Своеобразным украшением архивных собраний Рукописного отдела служат личные фонды Г.Р. Державина, В.А. Жуковского, К.Н. Батюшкова, И.А. Крылова, Н.И. Гнедича, Е.А. Боратынского, М.Ю. Лермонтова, К.Ф. Рылеева. Литература второй половины XIX в. представлена здесь фондами Н.А. Некрасова, М.Е. Салтыкова-Щедрина, Ф.М. Достоевского, А.Н. Островского, А.К. Толстого, Н.С. Лескова, И.С. Тургенева, А.А. Фета и др. Сотни и сотни «единиц хранения» представляют литературное движение конца XIX – начала XX в.: это фонды А.А. Блока, В.Я. Брюсова, А.И. Куприна, М.А. Волошина, Л.Н. Андреева, Фёдора Сологуба, Вяч. Иванова, Д.С. Мережковского, А.М. Ремизова и др.

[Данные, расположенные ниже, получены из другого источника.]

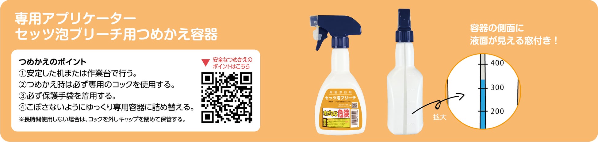 また、泡スプレーで使用する場合は、詰替え時や使用時の安全性を考慮したセッツ泡ブリーチ用つめかえ容器をご使用ください。
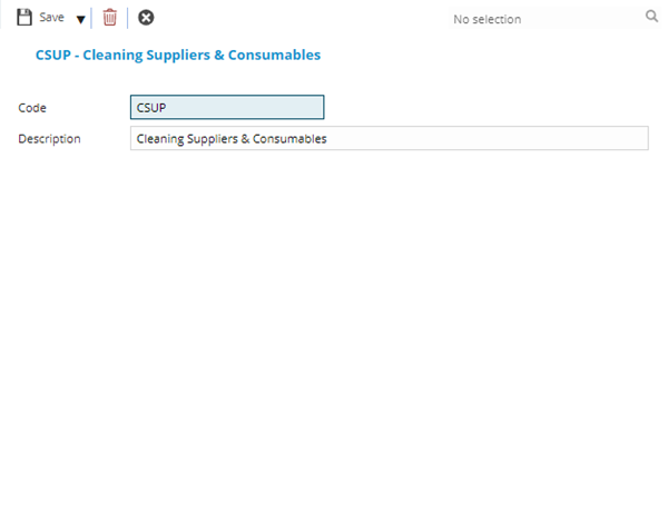 . A pop up window will appear which will allow the creation or amendment of a Supplier Category.
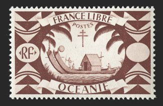 512 og Yvert #144a ImageYvert #144a, 1941 "FRANCE LIBRE" overprint on 1Fr. Red brown, inverted overprint, top sheet-margin single, usual slightly disturbed o.g., very fine (Scott #126 var.). (Image) €1,400
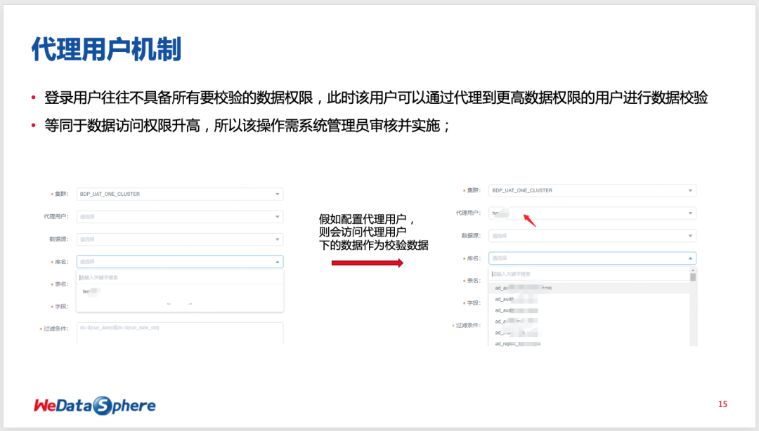接下来就是我们的代理用户机制,我们的登录用户往往是不具备所有要校验的数据权限,此时就需要我们通过代理到更高数据权限的用户进行数据质量校验。代理用户机制就等同于数据访问权限的升高,所以该操作需要系统管理员等合并实施。
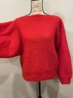 Womens High Neck Loose Fit Knitted Long Puff Sleeve Knitwear Sweater Spring Size
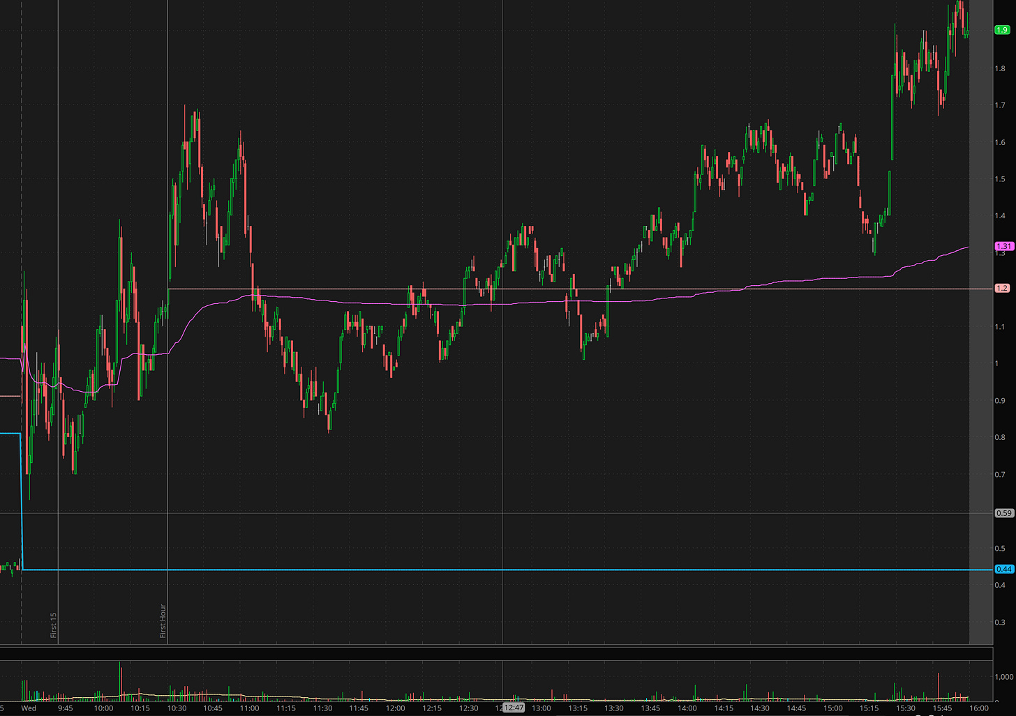 Notice how the dips/low price coincide with vwap. Patience will give you great entries and let you get much better yield for your money than chasing!

Необходимо подчеркнуть, что рукописное собрание Пушкинского Дома постоянно прирастает как за счёт приобретения классических памятников (а именно такими были в новейшие времена приобретения черновой рукописной редакции романа И.С. Тургенева «Отцы и дети», «листочка» с автографом пушкинского стихотворения «На холмах Грузии», обширной коллекции писателя П.Н. Лукницкого с рукописным наследием и мемориями М.И. Цветаевой, Н.С. Гумилёва и А.А. Ахматовой), так и благодаря передаче на хранение архивов современных писателей.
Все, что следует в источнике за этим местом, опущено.